* WHAT YOU NEED TO DO
Leaving out all pictures, give again each line exactly, from the start of the listing through the line that contains "Your little bride".

* COLLECTED MATERIAL
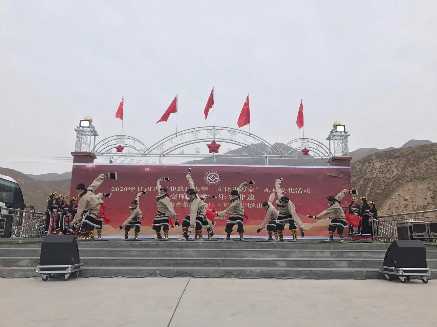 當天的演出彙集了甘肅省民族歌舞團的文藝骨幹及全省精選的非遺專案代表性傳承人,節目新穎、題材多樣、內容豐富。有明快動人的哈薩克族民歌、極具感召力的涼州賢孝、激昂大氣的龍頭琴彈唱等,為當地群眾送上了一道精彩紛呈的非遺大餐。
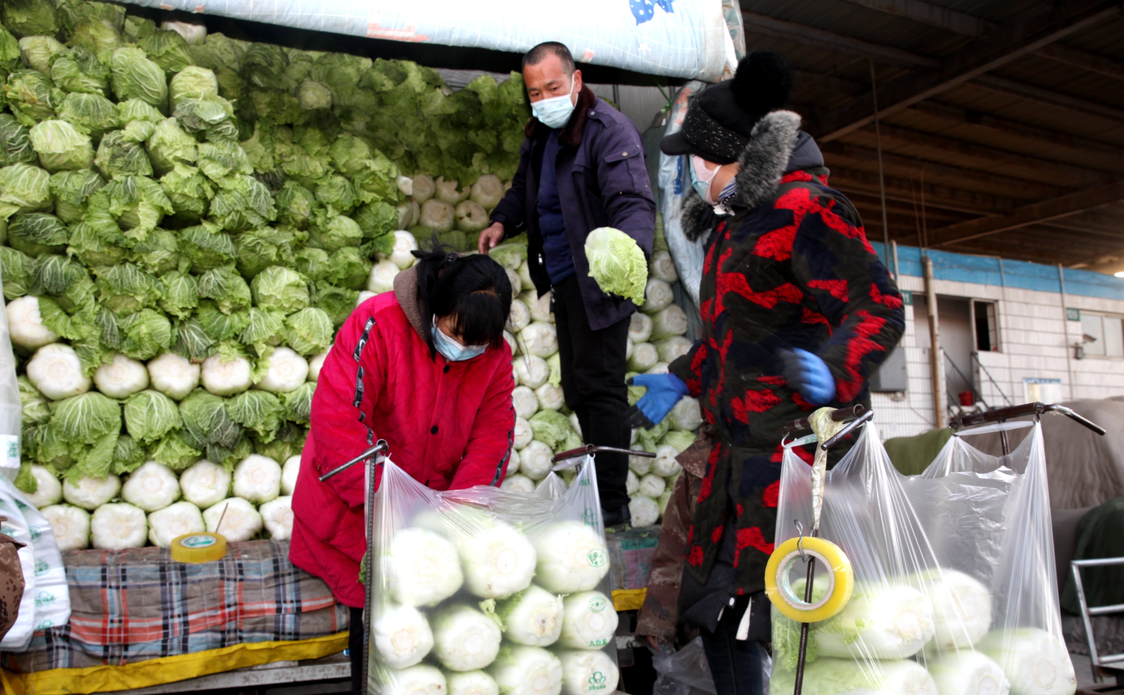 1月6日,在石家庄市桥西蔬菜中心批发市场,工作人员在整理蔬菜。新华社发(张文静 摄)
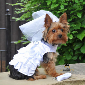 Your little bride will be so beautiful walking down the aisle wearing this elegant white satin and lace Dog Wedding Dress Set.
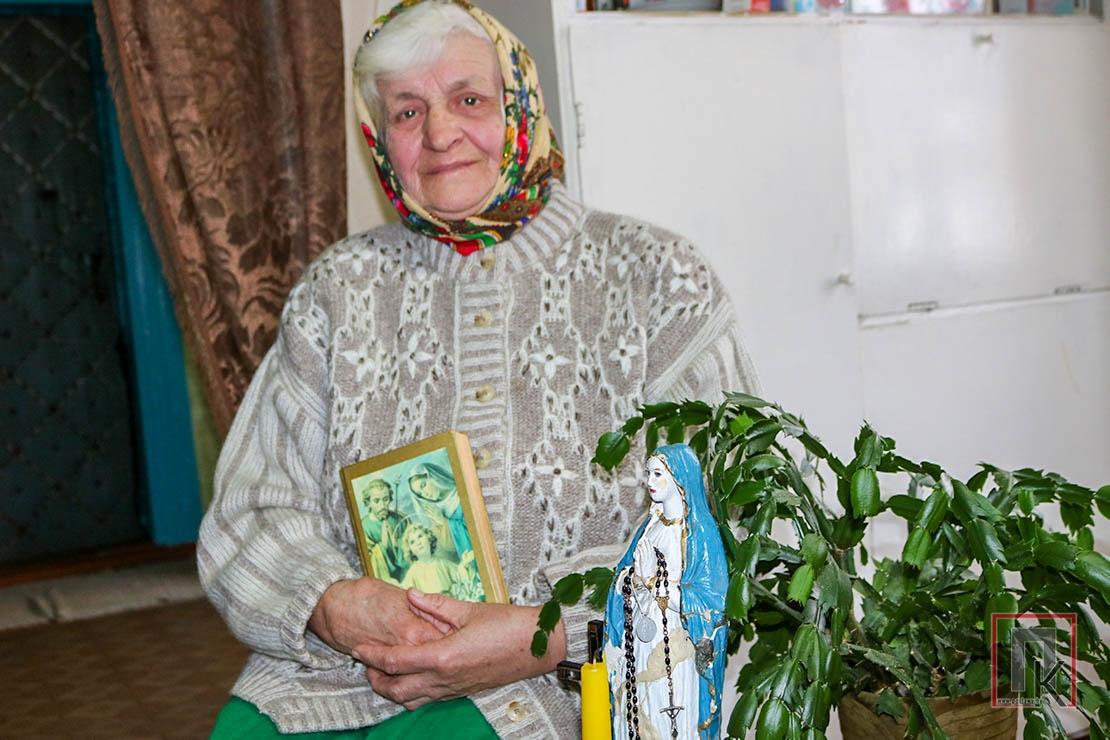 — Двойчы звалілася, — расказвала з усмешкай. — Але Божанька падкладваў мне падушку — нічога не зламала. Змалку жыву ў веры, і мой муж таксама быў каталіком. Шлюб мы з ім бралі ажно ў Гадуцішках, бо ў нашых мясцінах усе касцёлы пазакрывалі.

* RESULT OF THIS EXERCISE
 當天的演出彙集了甘肅省民族歌舞團的文藝骨幹及全省精選的非遺專案代表性傳承人,節目新穎、題材多樣、內容豐富。有明快動人的哈薩克族民歌、極具感召力的涼州賢孝、激昂大氣的龍頭琴彈唱等,為當地群眾送上了一道精彩紛呈的非遺大餐。
 1月6日,在石家庄市桥西蔬菜中心批发市场,工作人员在整理蔬菜。新华社发(张文静 摄)
 Your little bride will be so beautiful walking down the aisle wearing this elegant white satin and lace Dog Wedding Dress Set.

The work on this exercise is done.